1. A computer-implemented method, comprising:
receiving, by a computing device, an electronic message from a purported known sender over a computer network, the electronic message comprising an address and a display name;
accessing, by the computing device, at least one database of known addresses and known display names and determining whether the address and the display name of the received electronic message match one of the known addresses and known display names, respectively, in the at least one database of known addresses and known display names;
quantifying, by the computing device, a similarity of the address and of the display name of the received electronic message to at least one address and to at least one display name, respectively, in the at least one database of known addresses and known display names;
determining, by the computing device, the received electronic message to be legitimate when the address and the display name of the received electronic message are determined to match one of the known addresses and known display names, respectively, in the at least one database of known addresses and known display names;
flagging, by the computing device, the received electronic message as being suspect:
when either the address or the display name of the received electronic message does not match an address or a display name, respectively, in the at least one database of known addresses and known display names; and
when the quantified similarity of the address of the received electronic message is greater than a first threshold value or when the quantified similarity of the display name is greater than a second threshold value; and
generating, by the computing device, at least a visual cue on a display of the computing device, when the received electronic message has been flagged as being suspect, to alert a recipient thereof that the flagged electronic message is likely illegitimate.

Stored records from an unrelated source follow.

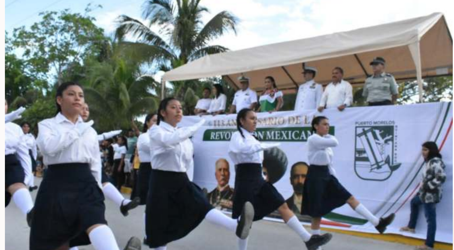
20 nov. Conmemoración del 113 Aniversario de la Revolución Mexicana
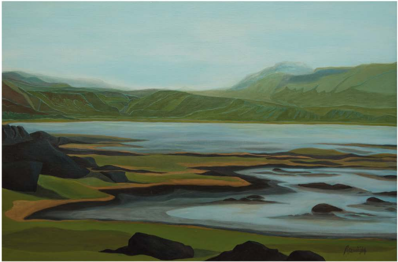
ISLANDIA Nº 2 akryl, płótno, 60 x 90 2019
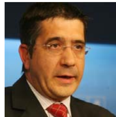
Patxi López Lehendakari PAIS VASCO
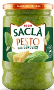
PESTO ALLA GENOVESE

2. The computer-implemented method of claim 1, wherein the electronic message comprises an email.
3. The computer-implemented method of claim 1, wherein quantifying comprises calculating string metrics of differences between the address of the received electronic message and an address stored in the at least one database of known addresses and of known display names and between the display name of the received electronic message and a display name stored in the at least one database of known addresses and of known display names.
4. The computer-implemented method of claim 1, wherein quantifying comprises calculating Levenshtein distances between
the address of the received electronic message and an address stored in the at least one database of known addresses and of known display names; and
between the display name of the received electronic message and a display name stored in the at least one database of known addresses and of known display names.
5. The computer-implemented method of claim 1, further comprising prompting for a decision confirming the flagged electronic message is suspect or a decision denying that the flagged electronic message is suspect.
6. The computer-implemented method of claim 5, further comprising dropping the flagged electronic message when the prompted decision is to confirm that the flagged electronic message is suspect and delivering the flagged electronic message when the prompted decision is to deny that the flagged electronic message is suspect.
7. The computer-implemented method of claim 1, wherein accessing also accesses a database of blacklisted senders of electronic messages and dropping the received electronic message if the address of the received electronic message matches an entry in the database of blacklisted senders of electronic messages.
8. The computer-implemented method of claim 1, wherein the display names stored in the at least one database of known addresses and known display names are normalized and wherein the method further comprises normalizing the display name of the electronic message before quantifying.
9. The computer-implemented method of claim 8, wherein normalizing further comprises transforming the received display name to at least one of make all lower case, remove all punctuation and diacritical marks, remove bracketed or parenthetical information and extra spaces.
10. (canceled)
11. A computing device configured to determine whether a received electronic message is suspect, comprising:
at least one hardware processor;
at least one hardware data storage device coupled to the at least one processor;
a network interface coupled to the at least one processor and to a computer network;
a plurality of processes spawned by said at least one processor, the processes including processing logic for:
receiving an electronic message from a purported known sender over the computer network, the electronic message comprising an address and a display name;
accessing at least one database of known addresses and known display names and determining whether the address and the display name of the received electronic message match one of the known addresses and known display names, respectively, in the at least one database of known addresses and known display names;
quantifying a similarity of the address and of the display name of the received electronic message to at least one address and to at least one display name, respectively, in the at least one database of known addresses and known display names;
determining the received electronic message to be legitimate when the address and the display name of the received electronic message are determined to match one of the known addresses and known display names, respectively, in the at least one database of known addresses and known display names;
flagging the received electronic message as being suspect:
when either the address or the display name of the received electronic message does not match an address or a display name, respectively, in the at least one database of known addresses and known display names; and
when the quantified similarity of the address of the received electronic message is greater than a first threshold value or when the quantified similarity of the display name is greater than a second threshold value; and
generating at least a visual cue when the received electronic message has been flagged as being suspect, to alert a recipient thereof that the flagged electronic message is likely illegitimate.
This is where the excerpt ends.